The Boston Consulting Group (BCG) has just released a report, “Behind the American Export Surge,” which explores the recent resurgence in US manufacturing. While BCG goes into some detail in explaining the reversal in the decline of domestic manufacturing, it has been driven by two basic causes, a more attractive investment climate and the widespread availability of low cost energy as a result of booming domestic shale gas production and natural gas development. But perhaps the single most important conclusion drawn from the study is this: there is enough domestic shale gas to fuel an American manufacturing resurgence and to export abroad.
High-volume hydraulic fracturing natural gas development has made increased production of shale gas and oil economically attractive. With increased production of natural gas, the price according to BCG has declined 51% since 2005. And, technology is projected to result in further lowering production costs. This is a big advantage over our competitors that have natural gas prices that are 2.6 to 3.8 times greater than our domestic prices in America.

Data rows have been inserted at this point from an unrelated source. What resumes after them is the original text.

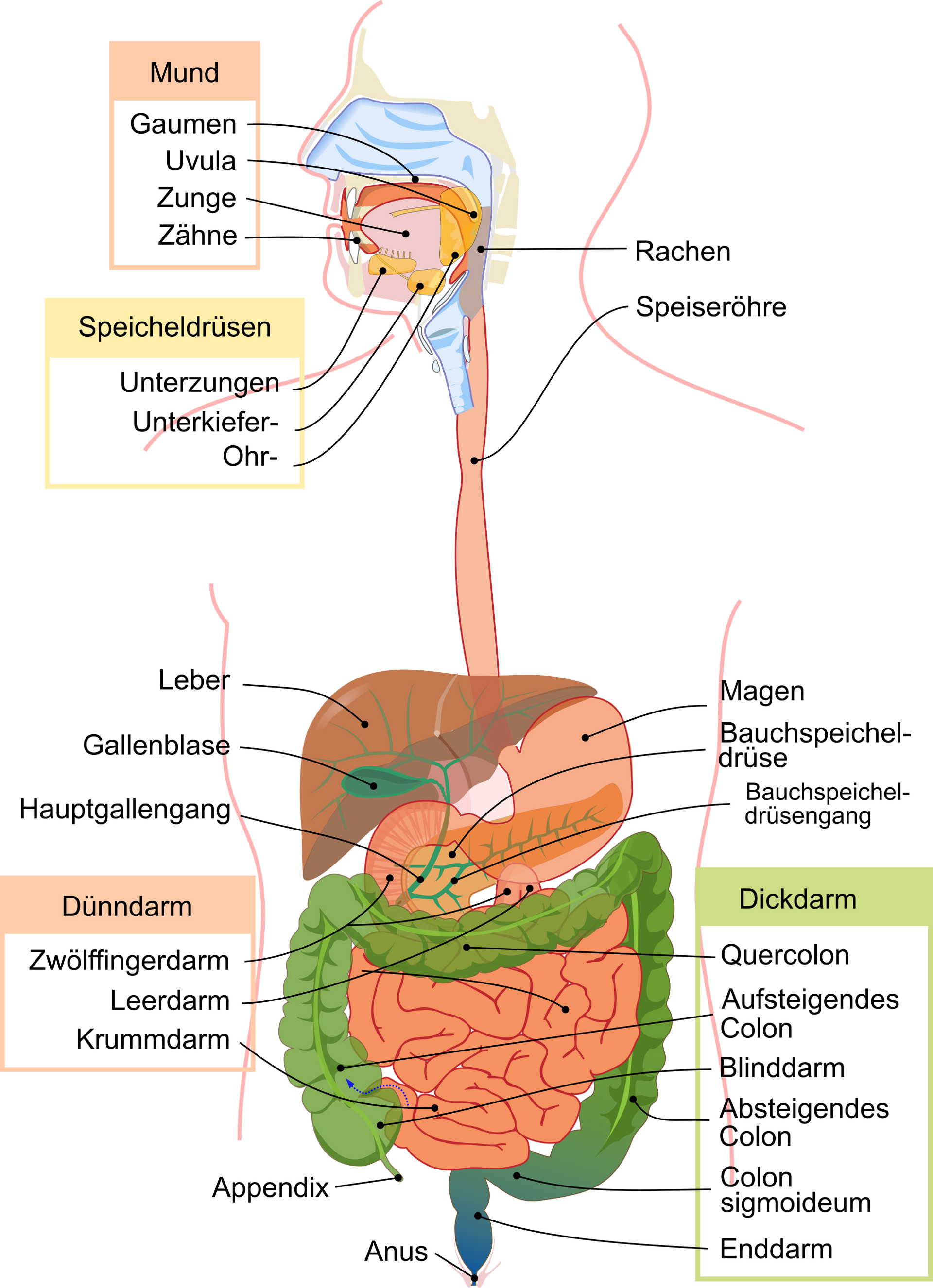 Im Verdauungstrakt findet der eigentliche enzymatische Aufschluss der Nahrung, die Resorption von Nahrungsstoffen und Wasser sowie die Ausscheidung unverdaulicher oder nicht verwertbarer Nahrungsbestandteile statt. Neben Enzymen sind auch verschiedene Mikroorganismen an der Verdauung beteiligt, die man unter dem Begriff Darmflora zusammenfasst.
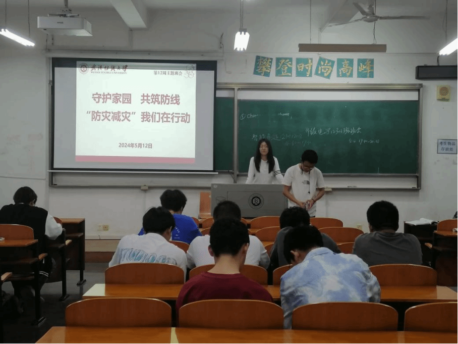 为进一步提升9428cn太阳集团学生的防震减灾意识与应急自救能力,积极响应国家“减轻灾害风险 守护美好家园”的号召,加强青年学生的国防意识和爱国情怀,推动国防和军队现代化建设发展,各班级于5月12日晚上组织开展班会活动,9428cn太阳集团全体同学、各班班主任、各年级辅导员参与本次会议,班会由各班班长主持。
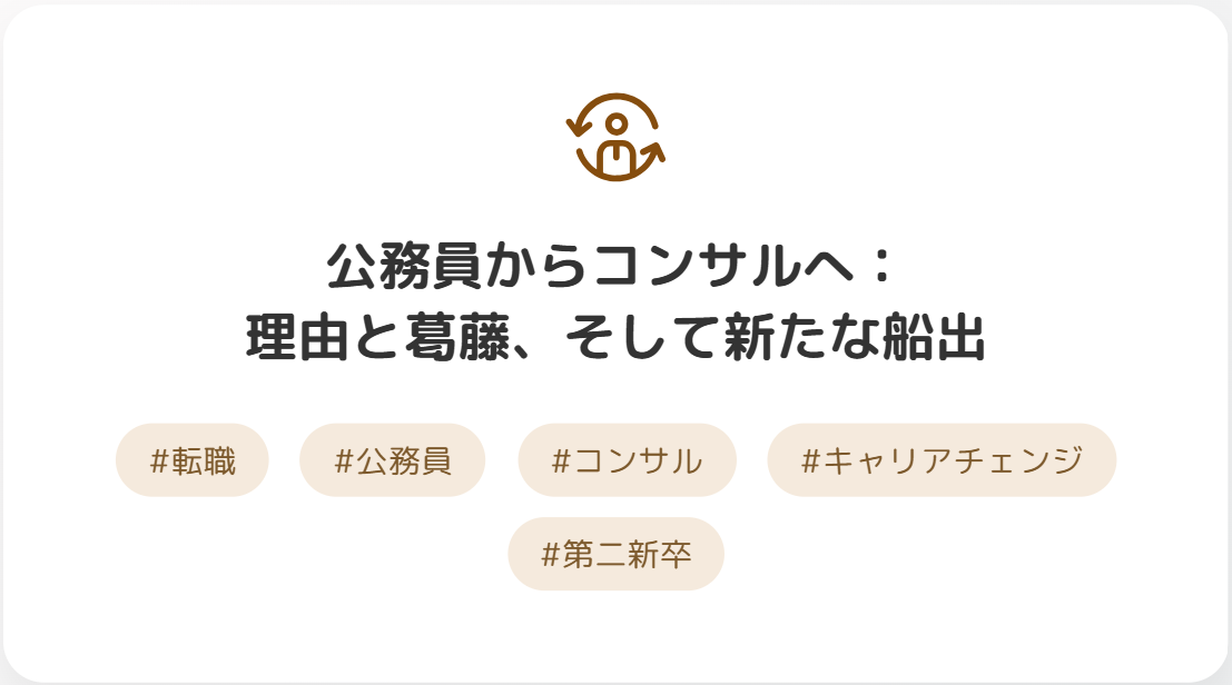 今回は、その葛藤に触れながら、ぼくが公務員を選んだ(ちょっと変わった)理由から、現職(ベンチャーコンサル)への転職を決意した経緯、そして仕事内容について深掘りしていきたいと思います。
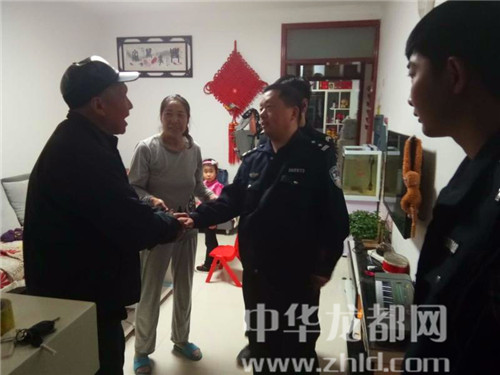 民警一边安抚老人情绪,一边进一步与老人沟通,得知其子名叫赵冬明,在周口市开发区地税局工作。老人没有记住家人电话、无法联系,民警于是开车将老人送至周口市开发区地税局家属院,经多方打听终于找到老人儿子赵冬明家,将老人安全送到家中。老人激动的热泪盈眶,并向民警表示感激。
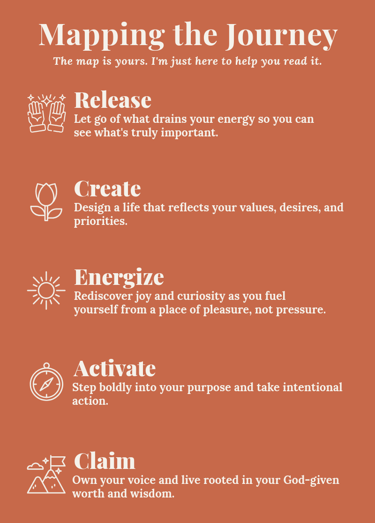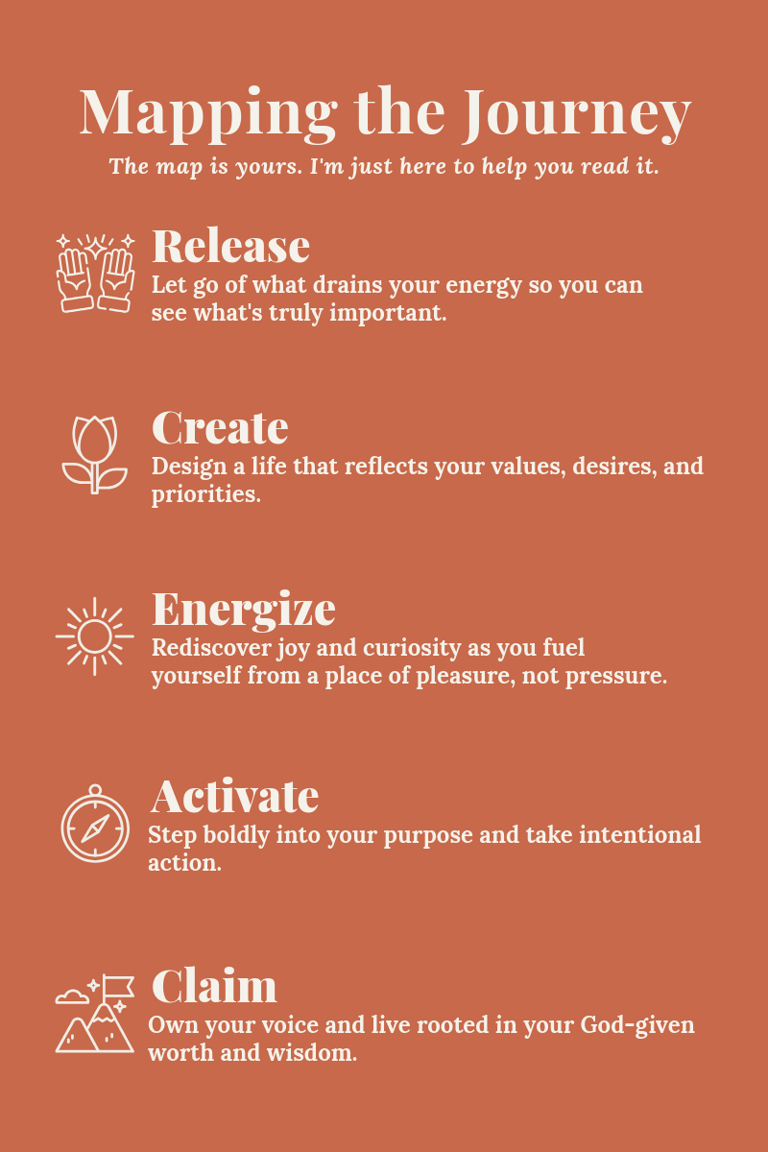 1:1 support designed just for you. Coaching is tailored to your goals, challenges, and season of life whether you're navigating stress, pursuing growth, or seeking clarity in your faith and purpose. Expect deep conversation, practical tools, and unwavering encouragement.

Lower natural gas prices mean that industries such as chemicals and plastics are able to increase profit margins as natural gas is a major cost in the manufacture of synthetic textiles, paper, and primary metals. Gas fired power plants are becoming an important source of electricity and this will, according to BCG help to keep power costs lower in the US.

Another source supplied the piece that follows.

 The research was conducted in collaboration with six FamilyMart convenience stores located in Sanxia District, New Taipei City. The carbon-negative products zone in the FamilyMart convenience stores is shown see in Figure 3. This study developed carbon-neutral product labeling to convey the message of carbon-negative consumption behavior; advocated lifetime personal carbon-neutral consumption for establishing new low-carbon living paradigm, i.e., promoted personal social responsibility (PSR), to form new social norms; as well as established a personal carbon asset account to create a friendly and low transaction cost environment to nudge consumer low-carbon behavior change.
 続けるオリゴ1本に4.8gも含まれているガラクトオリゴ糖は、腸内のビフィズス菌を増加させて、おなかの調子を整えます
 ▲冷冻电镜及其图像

The positive manufacturing and trade picture painted by the Boston Consulting Group is a bright light in an otherwise dismal economic outlook. However, making that projection a reality requires that we avoid economic rent-seeking by certain industries. That is especially true in energy where there already is a movement by such rent-seekers, like Dow Chemical, to restrict the export of liquefied natural gas (LNG). These companies are lobbying for restrictions so that they can use the low price caused by over supply to increase their own profits.
Such a policy perspective is not only short-sighted but is the equivalent of an economic circular firing squad. It would deny the benefits made clear by numerous studies from Brookings, Deloitte, and even the Department of Energy-commissioned NERA Economic Consulting study which found increasing exports could add nearly $75 billion to annual economic growth. And, it would invite some form of retaliation by our trading partners.

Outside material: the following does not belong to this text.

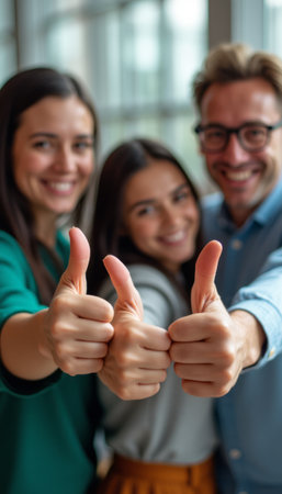 This vibrant image captures three friends—two women and one man—enthusiastically giving thumbs up in a contemporary office setting. Their joyful expressions and the warm, inviting atmosphere convey a sense of camaraderie and positivity, perfect for showcasing teamwork and success.
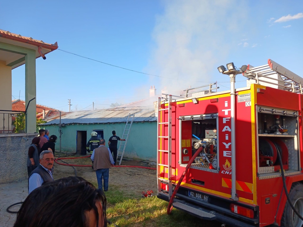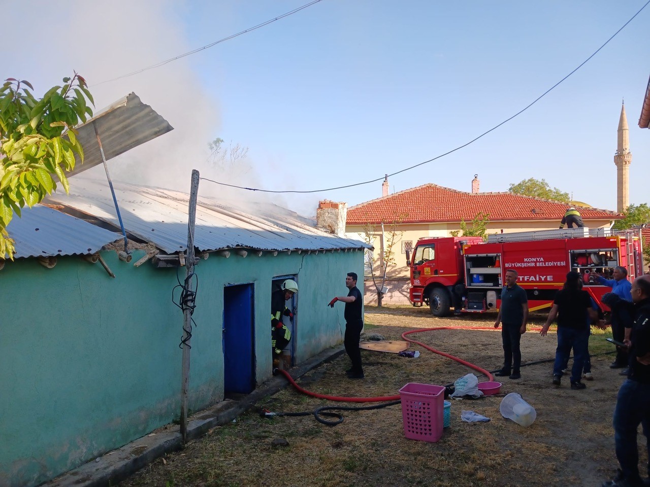 Konya’nın Kulu ilçesinde tandır evinde yapılan temizlikte yakılan kâğıt ve çöpler çatıyı yaktı.

Moreover, such a policy perspective denies the reality of shale gas reserves. As the BCG study notes, proven shale gas reserves are estimated to be 350 trillion cubic feet, and production is expected to grow to double by 2035 to 12 trillion cubic feet of gas. There’s enough gas there to power manufacturing and to export to American allies abroad.
In the 1960s and 70s, inter-state natural gas was subjected to price controls but intra-state gas wasn’t. As a result, inter-state gas had to be rationed as supplies diminished. Just the opposite happened in gas producing states. Today, the current boom in natural gas production has produced an excess in supply which has significantly depressed it price. Not surprising, as prices have dropped so has drilling activity. According to the Energy Information Administration, natural gas drilling activity has dropped from over 1400 active rigs in 2007 and 2008 to the 400 range in the last couple of years.
The notion of natural gas prices set by bureaucrats and not market forces brings back memories of the price and allocation controls in the 1970s. They didn’t work then and won’t work now.
Free and open trade benefits all, not a few. The advocacy of those in the camp of Dow chemical against expanding LNG exports is more about promoting crony capitalism than the “emerging renaissance in American manufacturing.” Companies should compete in the market place as it exists, not as they would have government make it.
As Boston Consulting Group makes clear, we can have both a domestic renaissance in manufacturing and continue to boost domestic natural gas development through LNG exports. As a policy, we should avoid the rent-seeking advocacy opposed to LNG exports. Instead, we should embrace both expanded natural gas development through exports and domestic manufacturing. There’s more than enough gas to fuel both.